Sulit
bagi orang tua manapun untuk menerima bahwa anaknya memiliki cacat mental atau
tunagrahita. Berbagai cara akan ditempuh agar anaknya kembali normal, meski
kenyataannya kondisi ini bukan semacam penyakit yang bisa disembuhkan.
"Sometimes,
we have questions like 'ada obat untuk anak saya?'," kata Mila van der
Meer, seorang konsultan pendidikan khusus untuk tunagrahita, sekaligus project
leader Yayasan Sukacita saat ditemui detikHealth di Bintaro, Jakarta Selatan
seperti ditulis pada Sabtu, (26/1/2013).
Sebuah
pertanyaan yang mudah untuk dijawab sebenarnya, sebab hingga kini memang belum
ada obat yang bisa mengatasi keterbelakangan mental atau sering disebut juga
cacat mental. Namun bagi orang tua dengan anak cacat mental, tentu bukan
jawaban itu yang diharapkan.
Kalaupun
tidak ada obat, maka bentuk terapi lainnya akan terus dicari. Di tempat Mila
dan rekannya, Marieke Nijland berkarya sejak 2007 yakni di Bali, tidak sedikit
orang tua dengan anak cacat mental mencari kesembuhan ke balian atau semacam
dukun tradisional Bali.
Harapan
untuk bisa menyembuhkan anak cacat mental tidak serta merta bisa diartikan
bahwa para orang tua tidak bisa menerima kondisi anaknya. Umumnya justru karena
menerima, para orang tua lantas mencari pengobatan sebagai bentuk perhatian dan
kasih sayangnya pada sang anak.
"That's
also acceptation (itu juga termasuk penerimaan), because mereka masih pikir
dengan obat anaknya mungkin bisa sehat lagi," lanjut Mila yang bersama
Marieke mendirikan Yayasan Sukacita, sebuah pusat pengetahuan dan informasi
mengenai anak-anak tunagrahita di Ubud, Bali pada tahun 2010.
Kecenderungan
untuk mencari bentuk-bentuk pengobatan alternatif tidak selalu karena kurang
informasi.
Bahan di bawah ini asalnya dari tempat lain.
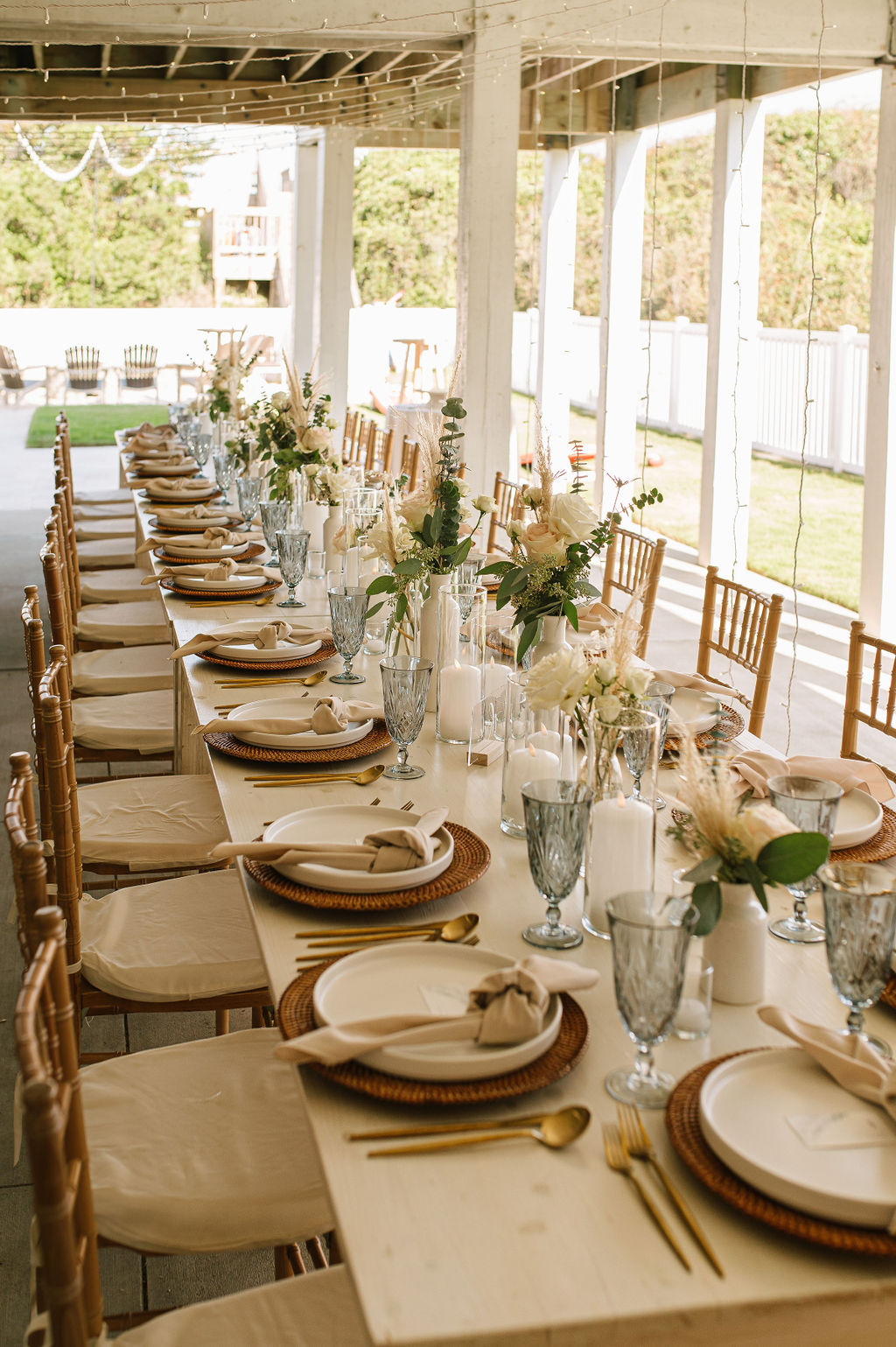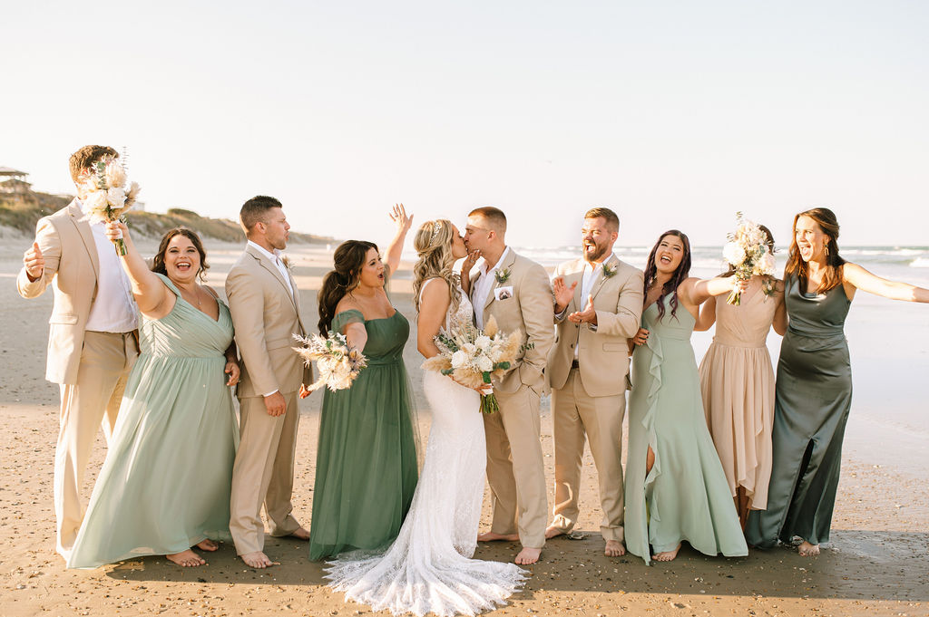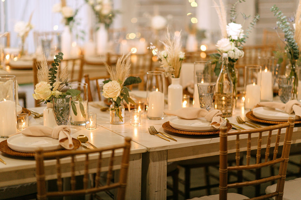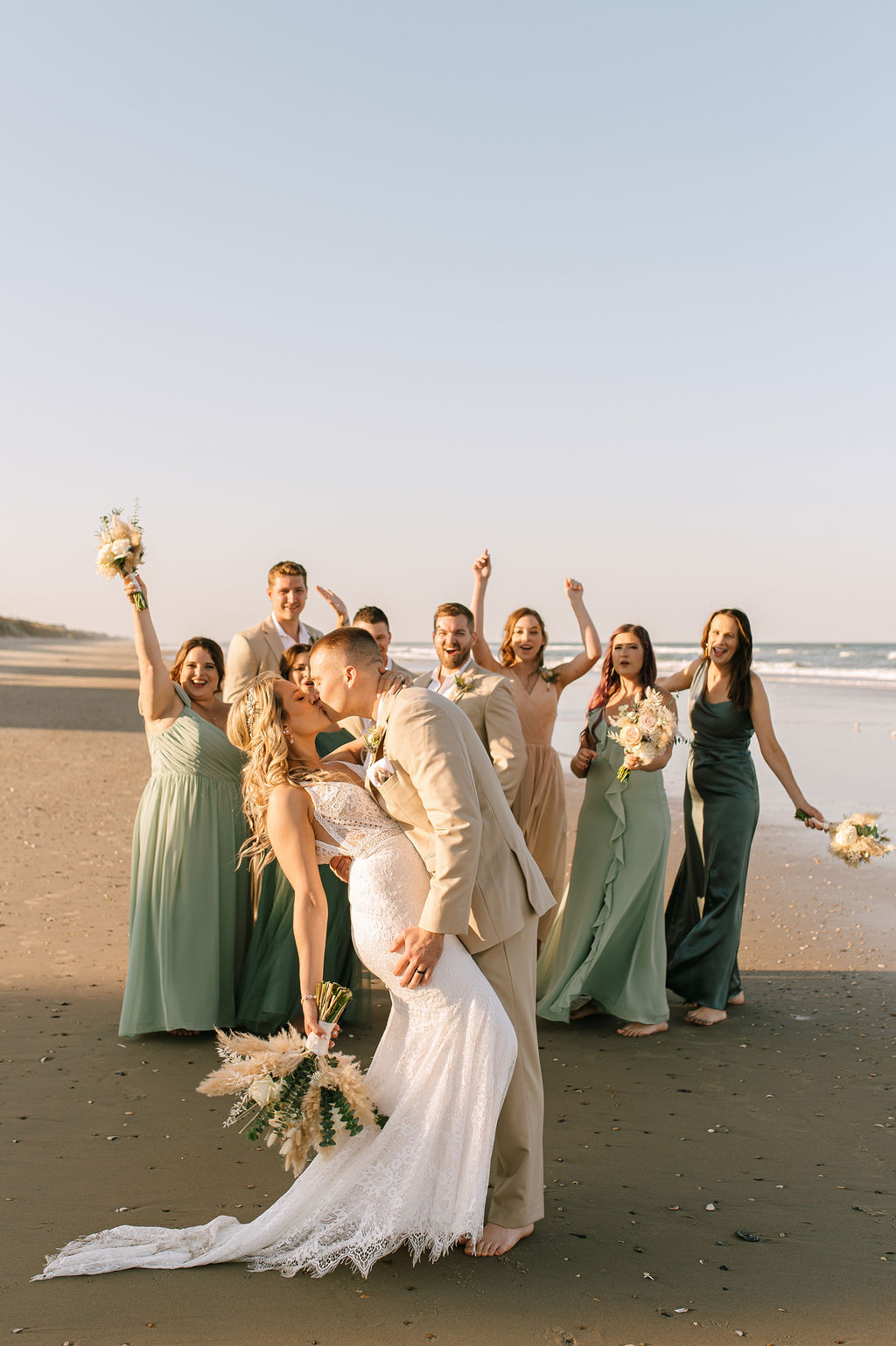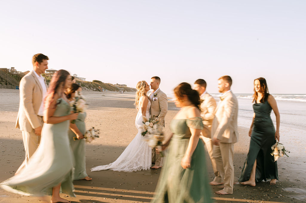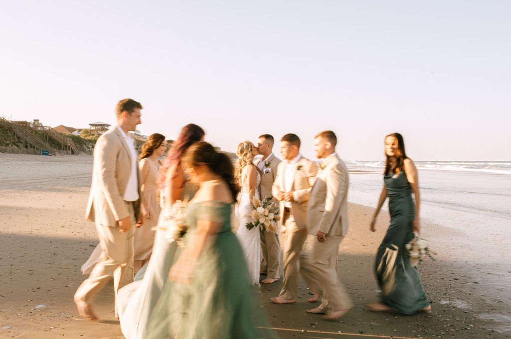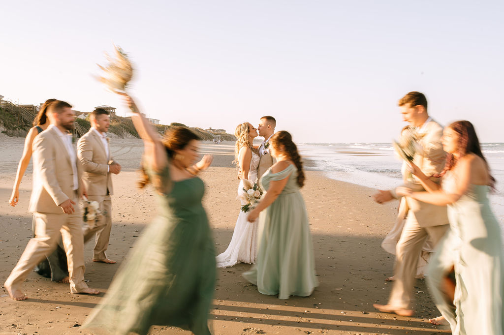 The design reflected the colors of the coast itself — soft neutrals, sandy taupes, and shades of the sea. Every element was curated to feel harmonious with the natural landscape, allowing the beauty of the Outer Banks to shine through effortlessly. Textural linens, natural florals, and wooden accents created a palette that felt timeless yet distinctly coastal. Guests enjoyed cocktails overlooking the dunes and danced under a canopy of stars — a true Outer Banks wedding weekend to remember.

Orang tua yang berpendidikan sekalipun juga sering melakukan itu,
meski tahu bahwa cacat mental susah disembuhkan. Bukan pula soal kaya atau
miskin, sebab siapapun pasti akan sulit berdiam diri tanpa melakukan upaya
apapun jika memiliki anak dengan cacat mental.
Bahkan
bukan hanya di Bali atau Indonesia pada umumnya, di Belanda yang relatif lebih
maju pun masih banyak orang tua mencari terapi alternatif untuk anak cacat
mental. Tidak peduli belum ada bukti ilmiahnya, selama tidak membahayakan si
anak maka pasti akan dicoba.
"Semua
orang tua mencoba semua cara untuk membikin anak jadi biasa lagi. Saya juga
lihat di Holland, di Belanda, ada terapi ini terapi itu. Ada juga trainning
dengan dolphin, dengan lumba-lumba. Itu tidak selalu berarti negatif, bisa juga
positif karena itu bagian dari proses," kata Mila.